Authors: Sami El Hilali [aut, cre] , Richard Copley [aut]
Maintainer: Sami El Hilali <[email protected]>
License: GPL-3
Version: 0.3.4
Built: 2025-03-03 04:49:59 UTC
Source: https://github.com/samilhll/macrosyntr

Help Index


Compute Linkage groups

Description

This is a function to compute the conserved linkage groups shared between two or more species. It computes the significant associations between chromosomes of all species versus all (pairwise) using the fischer test implemented in compute_macrosynteny(). It outputs a dataframe shaped as following : sp1.Chr,sp2.Chr,..., spN.chr,n,LGs where n is the number of shared orthologs in the group and LGs are the IDs for the linkage groups

Usage

compute_linkage_groups(orthologs_df)

Arguments

orthologs_df

dataframe. orthologs with genomic coordinates loaded with load_orthologs()

Value

A dataframe object

Examples

# basic usage of compute_linkage_groups: 

orthologs_table <- system.file("extdata","my_orthologs.tab",package="macrosyntR")

my_orthologs <- read.table(orthologs_table,header=TRUE)
                               
my_macrosynteny <- compute_linkage_groups(my_orthologs)

Compute significant macrosynteny blocks

Description

This is a function to generate the contingency table of an orthologs dataframe and apply fischer test to calculate the significant associations.
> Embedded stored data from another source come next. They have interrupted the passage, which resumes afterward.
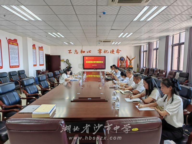 座談會現場 2023年9月1日下午,第六屆市政協委員易玲玲,市教育局基教科科長宋國亮,市婦聯家兒部部長賈宜平,沙北實驗學校黨委書記、校長何新陸等一行人到訪我校,針對市政協關于健康校園、心理健康、家庭教育三件政協提案辦理工作召集座談,征詢意見。沙市中學黨委委員、副校長胡直、唐年新,總務處副主任何婷,心理教師王里、雷明格參加了座談。
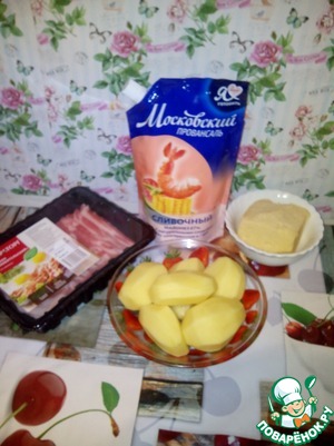 Бекон режем пополам, картофель пластинками, сыр натрем на крупной тёрке.
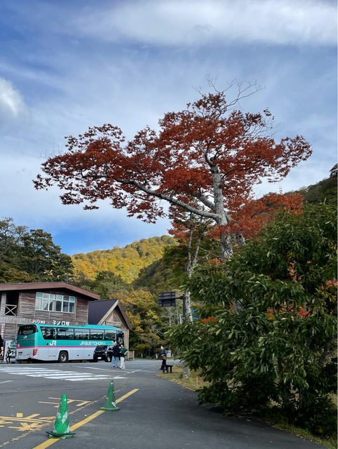 騎到十和田湖畔的公車站子の口還車
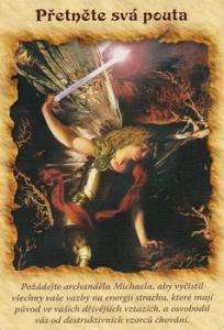 „Volám tě, archanděli Michaeli. Přetni prosím pouta strachu, která mě v minulosti blokovala nebo vysávala mou energii. Jsem připraven/a vyměnit svůj strach za vnitřní mír."
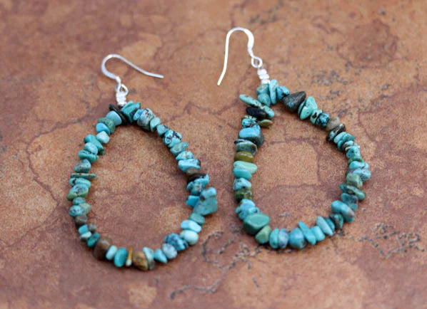 Sterling Silver Navajo Turquoise Hoop Earrings
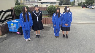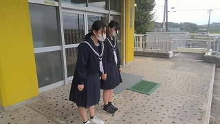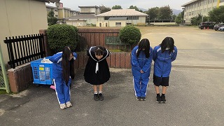 本日、登校時にPTA環境部会のみなさんが保々地区4か所の交差点で生徒のみなさんが安全に登校できるように安全旗を持って見守っていただきました。また、学校正門前、各玄関前で生徒会、保体委員会のみなさんが笑顔とあいさつで登校するみなさんを出迎えてくれました。今日もたくさんの保々笑(ほほえみ)を!
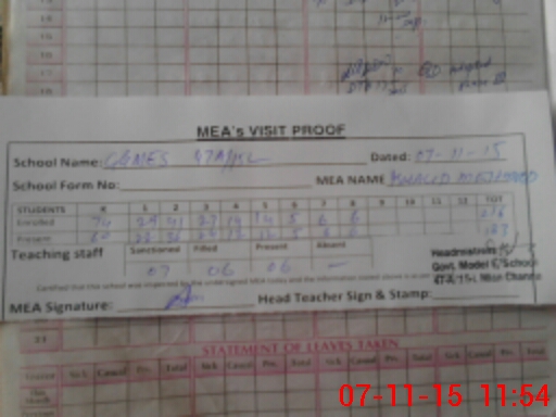 | Attendance Register | Head Teacher | MEA with School | Visit Proof |
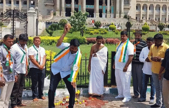 നിയമസഭാ സമ്മേളനം തുടങ്ങുന്നതിന് തൊട്ടുമുമ്പ് കോൺഗ്രസ് പ്രവർത്തകർ എത്തി നിയമസഭയ്ക്ക് പുറത്ത് ഗേറ്റിന് സമീപം ഗോമൂത്രം തളിച്ച് സഭ പ്രതീകാത്മകമായി
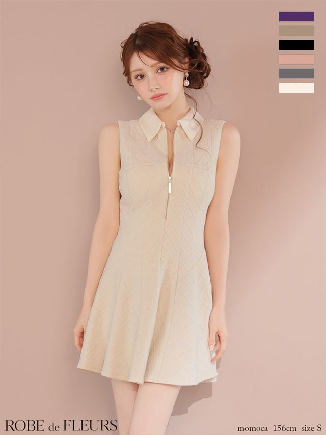 他の画像を見る XS~Lあり!普段着としても◎ 【ROBEdeFLEURS/ローブドフルール】ジップデザイン シンプル 襟付き ノースリーブ ラメ フレアミニドレス (fm4212) ¥ 28,380 税込 詳細を見る お気に入りに登録する
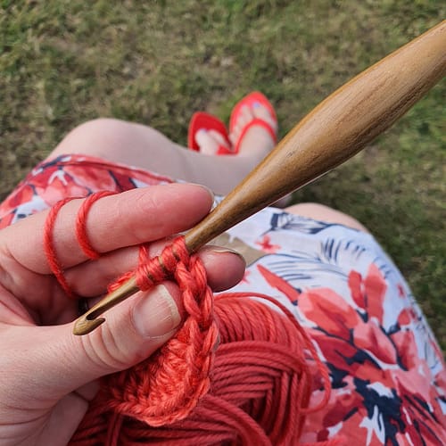 Used for samples: US D/3 (3.25 mm) Furls Gold Streamline Metal Crochet Hook
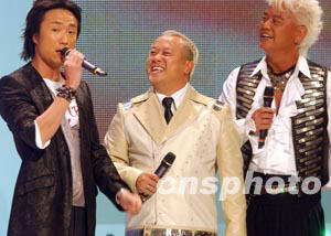 在二十三日晚紅(石+勘)香港體育館舉行的2003年度香港小姐競(jìng)選決賽上,香港明星曾志偉、陳百祥、鄭中基擔(dān)任港姐競(jìng)選大會(huì)司儀。中新社傳真 錢興強(qiáng) 攝
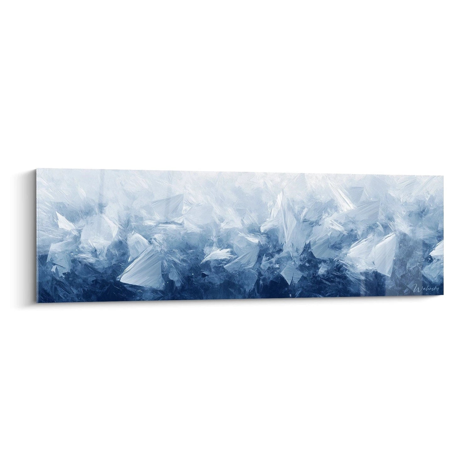 La composition de ce tableau abstrait bleu moderne repose sur un équilibre asymétrique savamment orchestré. Les éléments principaux s'articulent autour d'un axe diagonal invisible qui traverse l'œuvre de gauche à droite. Les formes angulaires et les surfaces planes créent un rythme visuel soutenu, guidant le regard dans une exploration constante. L'espace est divisé en zones d'intensité variable, alternant entre des passages denses et des respirations plus claires. Cette art mural abstrait bleu exploite parfaitement les proportions horizontales pour créer une sensation d'expansion et de mouvement. La perspective multidimensionnelle donne l'impression que certains éléments flottent au-dessus d'autres, créant une profondeur remarquable.
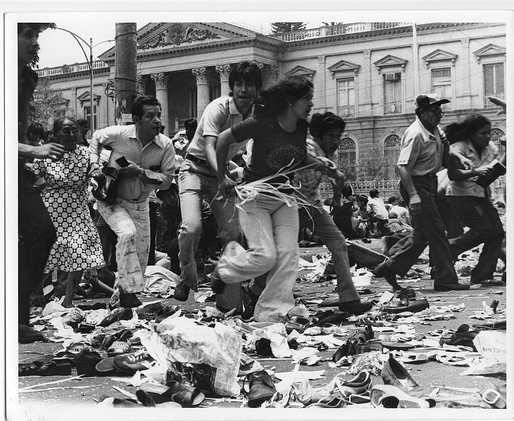 30 марта 1980, Сан-Сальвадор. Паника во время торжественных похорон архиепископа Ромеро, когда по многотысячной толпе скорбящих был открыт огонь. В хаосе, под взрывами бомб и стрельбой, погибло 40 человек и около 200 получили ранения.
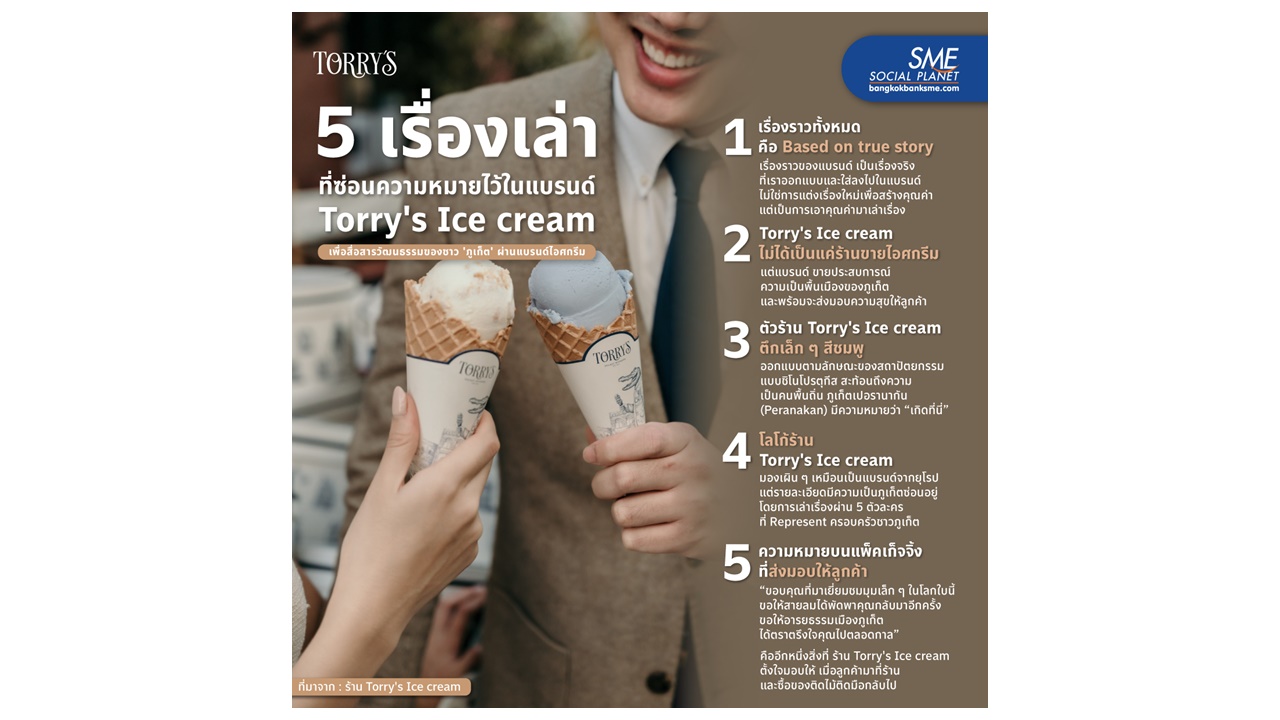 คุณทอรี่ วงศ์วัฒนกิจ ที่ไปเรียนและใช้ชีวิตอยู่ต่างประเทศมานับสิบปี เลือกกลับมาทำธุรกิจร้านไอศกรีม ที่ผสานคุณค่า วัฒนธรรม ความเป็นเอกลักษณ์ สู่เรื่องเล่าผ่านแบรนด์ โดยเขาสอดแทรก Story ลงไปในทุกรายละเอียดขององค์ประกอบอย่างพิถีพิถันและตั้งใจ จนกลายเป็นแบรนด์ Torry's Ice cream ร้านเล็ก ๆ ที่มีเพียง 5 โต๊ะ ในทำเลย่านเมืองเก่า ที่ได้รับความนิยมอย่างมากจากนักท่องเที่ยวและคนท้องถิ่น
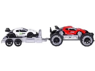 Zabawkowe auto terenowe z lawetą i sportowym samochodem to pojazd dla którego żadna przeszkoda nie będzie straszna. Autka oraz laweta wykonane zostały w całości z plastiku. Koła lawety i sportowego auta są gumowe zaś autka terenowego plastikowe. Terenowe autko porusza się poprzez rozpędzenie w przód, a sportowe dzięki zastosowanemu mechanizmu pull-back - pociągnij w tył i puść. Przyczepa pełni funkcję lawety na której transportowane jest sportowe autko, idealny na wyjazdy rajdowe.
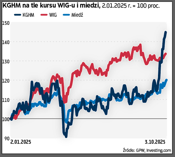 KGHM, producent miedzi ale też srebra i złota, to lokomotywa rynku ostatnich dwóch tygodni. Kurs akcji firmy wzrósł w tym czasie o około 26 proc., a WIG zyskał 2,2 proc. Dzięki tej ostatniej poprawie notowań, walory KGHM od początku roku do ostatniego piątku zwyżkowały już o około 45 proc., podczas gdy szeroki indeks giełdy poszedł w górę o około 34 proc. Jeszcze korzystniej prezentują się tegoroczne notowania lubińskiego koncernu na tle zmieniających się cen miedzi. Surowiec na giełdzie LME podrożał dotychczas tylko o około 20 proc.
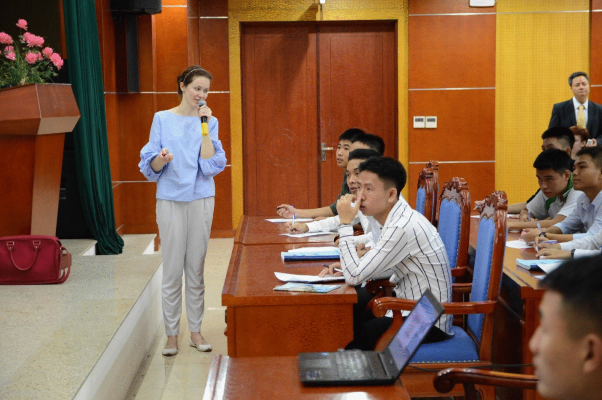 Tại lớp học, chuyên gia ngôn ngữ – giảng viên Balitskaya Daria đã trình bày một số nội dung: Phương pháp, kinh nghiệm sử dụng giáo trình «Русский язык», «Русские падежи», «Русский глагол» để dạy tiếng Nga trong giai đoạn đầu; Phương pháp và kinh nghiệm giảng dạy tiếng Nga kỹ thuật, đồng thời dạy mẫu một giờ học với nội dung “Tính từ trong tiếng Nga”. Giảng viên Sekochikhina Anastasia đã dạy mẫu giờ học với nội dung “Các dạng bài tập ngữ pháp về tính từ trong Tiếng Nga”.
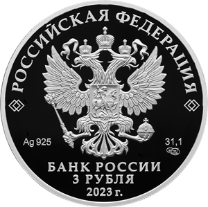 рельефное изображение Государственного герба Российской Федерации, над ним вдоль канта – надпись полукругом «РОССИЙСКАЯ ФЕДЕРАЦИЯ», обрамленная с обеих сторон сдвоенными ромбами, под гербом: слева – обозначения драгоценного металла и пробы сплава, справа – содержание химически чистого металла и товарный знак монетного двора, внизу в центре в три строки – надпись «БАНК РОССИИ», номинал монеты «3 РУБЛЯ», год выпуска «2023 г.».
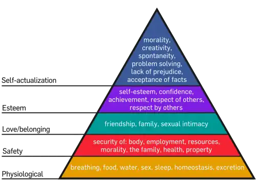 Many early theories suggested that self-esteem is a basic human need or motivation. American psychologist, Abraham Maslow included self-esteem in his hierarchy of human needs. He described two different forms of "esteem": the need for respect from others in the form of recognition, success, and admiration, and the need for self-respect in the form of self-love, self-confidence, skill, or aptitude.[26] Respect from others was believed to be more fragile and easily lost than inner self-esteem. According to Maslow, without the fulfillment of the self-esteem need, individuals will be driven to seek it and unable to grow and obtain self-actualization. Maslow also states that the healthiest expression of self-esteem "is the one which manifests in the respect we deserve for others, more than renown, fame, and flattery". Modern theories of self-esteem explore the reasons humans are motivated to maintain a high regard for themselves. Sociometer theory maintains that self-esteem evolved to check one's level of status and acceptance in one's social group. According to Terror Management Theory, self-esteem serves a protective function and reduces anxiety about life and death.[27]
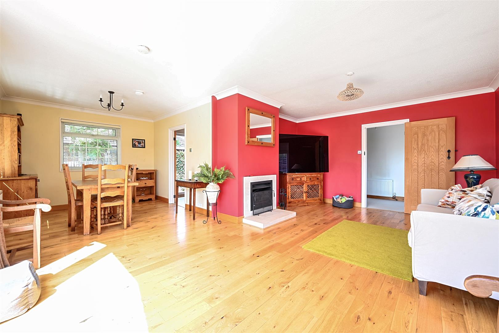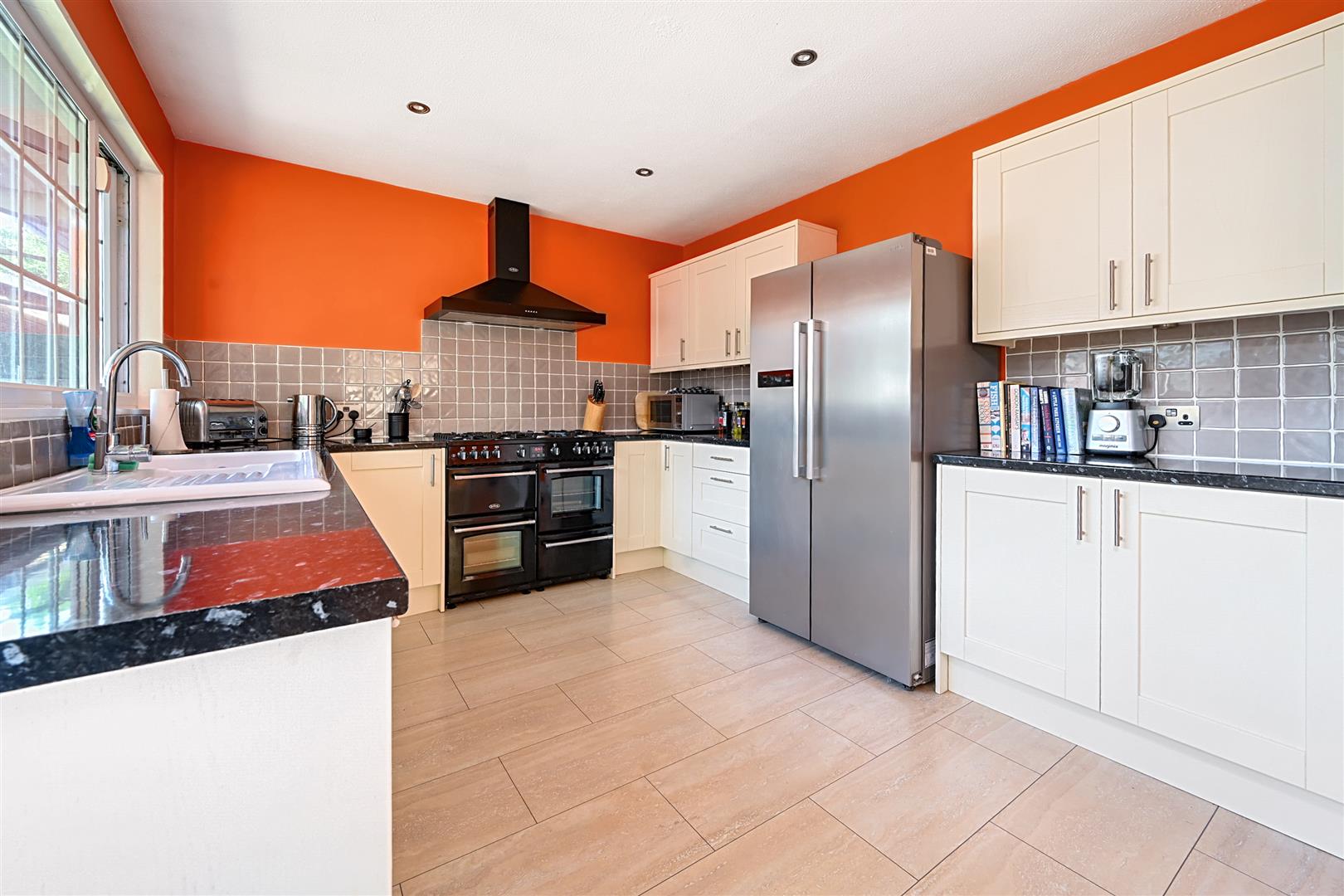 The well-presented accommodation comprises a large entrance hallway leading to a bright and spacious L-shaped wrap-around lounge and dining area, featuring a fireplace and patio doors that open to the enclosed rear garden. The modern fitted kitchen has additional access to both the side and rear gardens, and it is well-equipped with high and low-level storage on three sides, providing ample counter space centred around a feature "range-style" cooker.
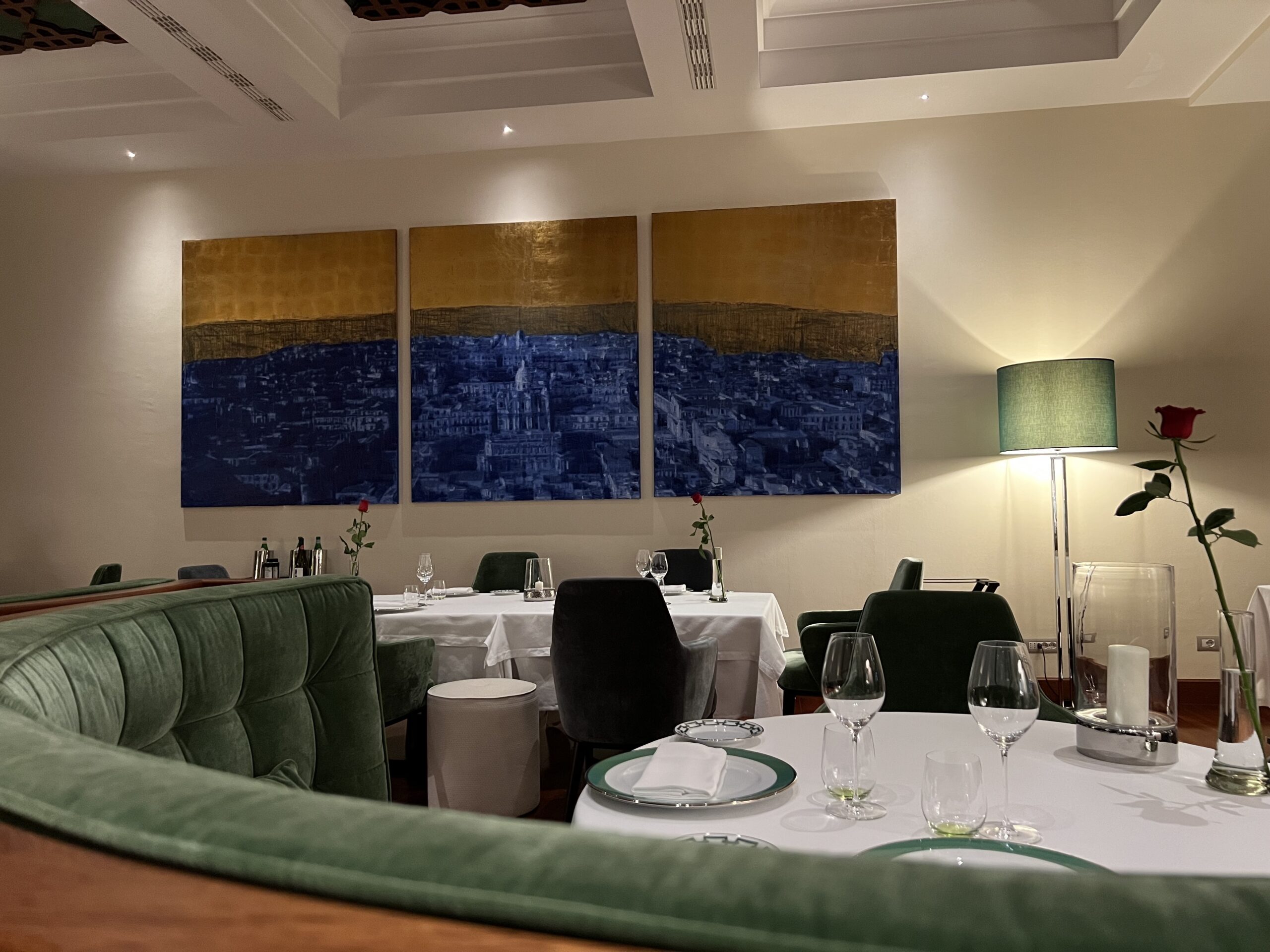 Dentro questa cornice prende forma il Principe di Belludia, il ristorante fine dining del complesso. Non un semplice complemento all’hotel, ma una vera destinazione gastronomica. L’ambiente è intimo, curato nei dettagli: tessuti morbidi, luci calde e vetrate che allungano lo sguardo verso il verde. Sedersi qui significa già entrare in una dimensione sospesa, lontana dalla quotidianità.
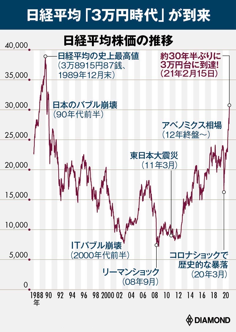 データで見る日経平均 30年半ぶり3万円台 - 日本経済新聞。
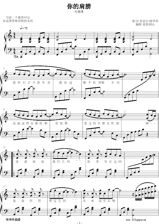 《何耀珊《你的肩膀钢琴谱》》内容来自于互联网,不能保证内容的准确性与完整性,仅供学习交流欣赏,请勿用于其它用途,内容版权归原作者及来源网站所有,如有侵犯到您的权益请来信告知,我们将及时删除。

It outputs a dataframe shaped as following : sp1.Chr,sp2.Chr,a,pval,significant,pval_adj

Usage

compute_macrosynteny(orthologs_df, pvalue_threshold = 0.001)

Arguments

orthologs_df

dataframe. orthologs with genomic coordinates loaded with load_orthologs()

pvalue_threshold

numeric. threshold for significancy. (default equals 0.001)

Value

A dataframe object

Examples

# basic usage of compute_macrosynteny : 

orthologs_table <- system.file("extdata","my_orthologs.tab",package="macrosyntR")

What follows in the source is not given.